**The problem**
All entries are to be transcribed verbatim, but images are not carried over.

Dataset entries
• • • • •

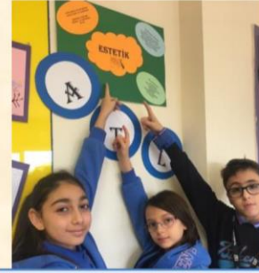
“Doğa ve İnsan” Ünitesini Tanyalım

Dil ve Edebiyat dersinin ikinci ünitesi olan “Doğa ve İnsan”a başlamadan önce kütüphaneye giden öğrencilerimiz; üniteye okuma süreçlerini yapılandıracakları “Serçekuş” kitabının yazarı ile anahtar kavramımız olan “estetik” üzerine araştırma yaptılar.
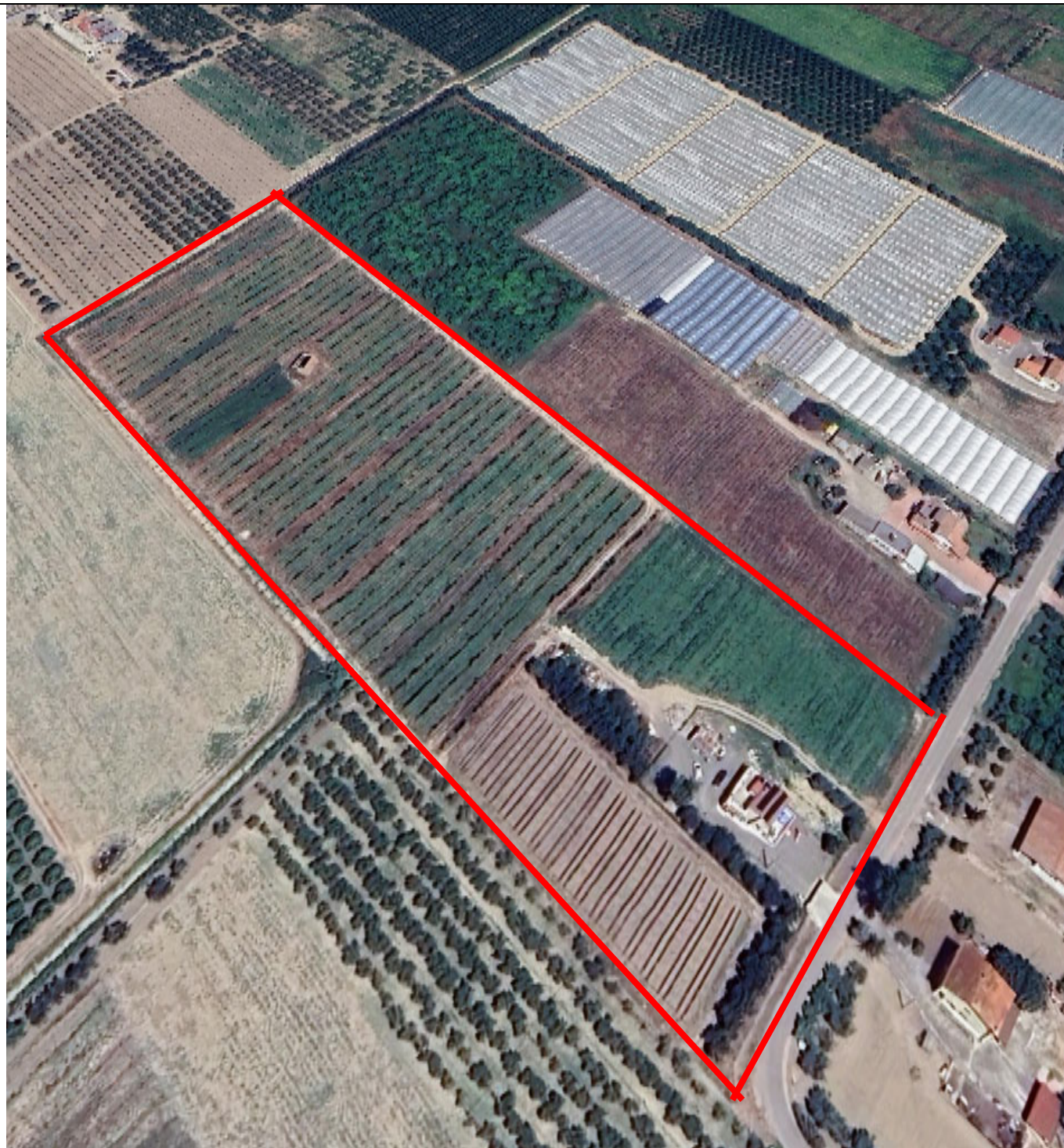
Veduta aerea del compendio immobiliare costituente il lotto 001
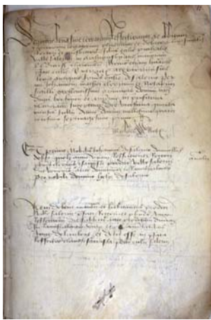
Le début de la liève, Clermont, bibliothèque municipale, ms. 652, p. 11.
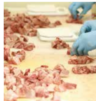
もつをていねいに串刺しに。橋村商店の加工施設。

町が運営する歴史と伝統ある食肉処理施設 あつあつのもつ鍋、カシラやハツなどバリエーション豊かなもつ焼き。古くから養豚業がさかんな横芝光町では、大正時代に日本人として初めて本格的なソーセージやハムの製造を始めた大木市蔵氏による「大木式ハム・ソーセージ」と並んで、新鮮なもつ料理が大人も子どもも大好きなソウルフードとして親しまれています。
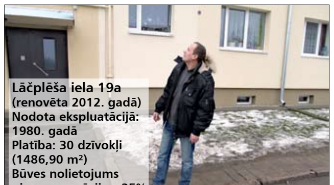
Lāčplēša iela 19a (renovēta 2012. gadā) Nodota ekspluatācijā: 1980. gadā Platība: 30 dzīvokļi (1486,90 m 2 ) Būves nolietojums pirms renovācijas: 35%

Sākotnēji bija plānots, ka Dobeles ielā vienlaicīgi tiks rekonstruētas četras līdzīgas mājas, kas atrodas cita citai blakus, taču līdz reāliem siltināšanas darbiem tika vien divas – Dobeles iela 8 un 12. Ar to, ka izmaksas būs augstākas nekā citu renovēto māju iedzīvotājiem, Dobeles ielā 8 dzīvojošie rēķinājās jau sākumā, jo māja ir neliela – vien 12 dzīvokļi. «Mana dzīvokļa platība ir 42,3 kvadrātmetri, un decembra rēķins par siltumu bija 27 eiro,» atklāj kāda iedzīvotāja, lēšot, ka renovācijas darbi varētu izmaksāt ap 5000 latu no viņas dzīvokļa.
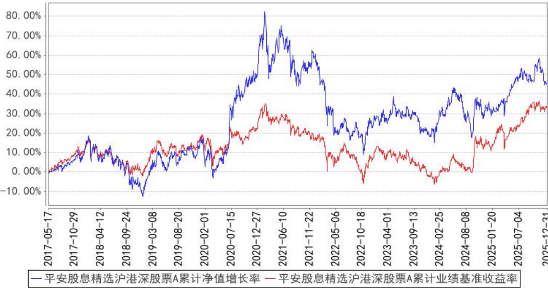
平安股息精选沪港深股票A累计净值增长率与同期业绩比较基准收益率的历史走势对比图
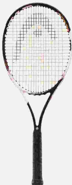
HEAD GRAPHENE XT Novak Djokovic la consiglia, dà potenza e tocco insieme ● 269 euro

a cura di Fabrizio Scavi gazzalook@gazzetta.it
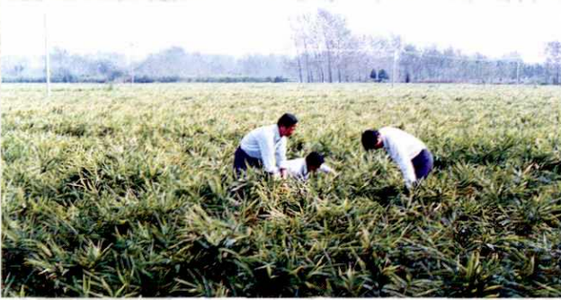
▲ 桃园镇农业示范园——生姜
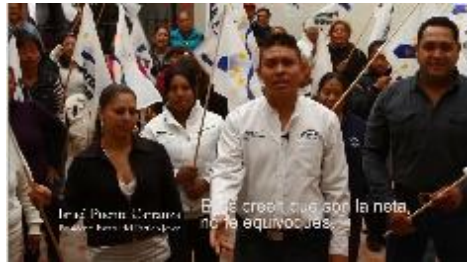
Ellos creen que son la neta, no te equivoques.

• • • • •

**Response**
“Doğa ve İnsan” Ünitesini Tanyalım

Dil ve Edebiyat dersinin ikinci ünitesi olan “Doğa ve İnsan”a başlamadan önce kütüphaneye giden öğrencilerimiz; üniteye okuma süreçlerini yapılandıracakları “Serçekuş” kitabının yazarı ile anahtar kavramımız olan “estetik” üzerine araştırma yaptılar.
Veduta aerea del compendio immobiliare costituente il lotto 001
Le début de la liève, Clermont, bibliothèque municipale, ms. 652, p. 11.
もつをていねいに串刺しに。橋村商店の加工施設。

町が運営する歴史と伝統ある食肉処理施設 あつあつのもつ鍋、カシラやハツなどバリエーション豊かなもつ焼き。古くから養豚業がさかんな横芝光町では、大正時代に日本人として初めて本格的なソーセージやハムの製造を始めた大木市蔵氏による「大木式ハム・ソーセージ」と並んで、新鮮なもつ料理が大人も子どもも大好きなソウルフードとして親しまれています。
Lāčplēša iela 19a (renovēta 2012. gadā) Nodota ekspluatācijā: 1980. gadā Platība: 30 dzīvokļi (1486,90 m 2 ) Būves nolietojums pirms renovācijas: 35%

Sākotnēji bija plānots, ka Dobeles ielā vienlaicīgi tiks rekonstruētas četras līdzīgas mājas, kas atrodas cita citai blakus, taču līdz reāliem siltināšanas darbiem tika vien divas – Dobeles iela 8 un 12. Ar to, ka izmaksas būs augstākas nekā citu renovēto māju iedzīvotājiem, Dobeles ielā 8 dzīvojošie rēķinājās jau sākumā, jo māja ir neliela – vien 12 dzīvokļi. «Mana dzīvokļa platība ir 42,3 kvadrātmetri, un decembra rēķins par siltumu bija 27 eiro,» atklāj kāda iedzīvotāja, lēšot, ka renovācijas darbi varētu izmaksāt ap 5000 latu no viņas dzīvokļa.
平安股息精选沪港深股票A累计净值增长率与同期业绩比较基准收益率的历史走势对比图
HEAD GRAPHENE XT Novak Djokovic la consiglia, dà potenza e tocco insieme ● 269 euro

a cura di Fabrizio Scavi gazzalook@gazzetta.it
▲ 桃园镇农业示范园——生姜
Ellos creen que son la neta, no te equivoques.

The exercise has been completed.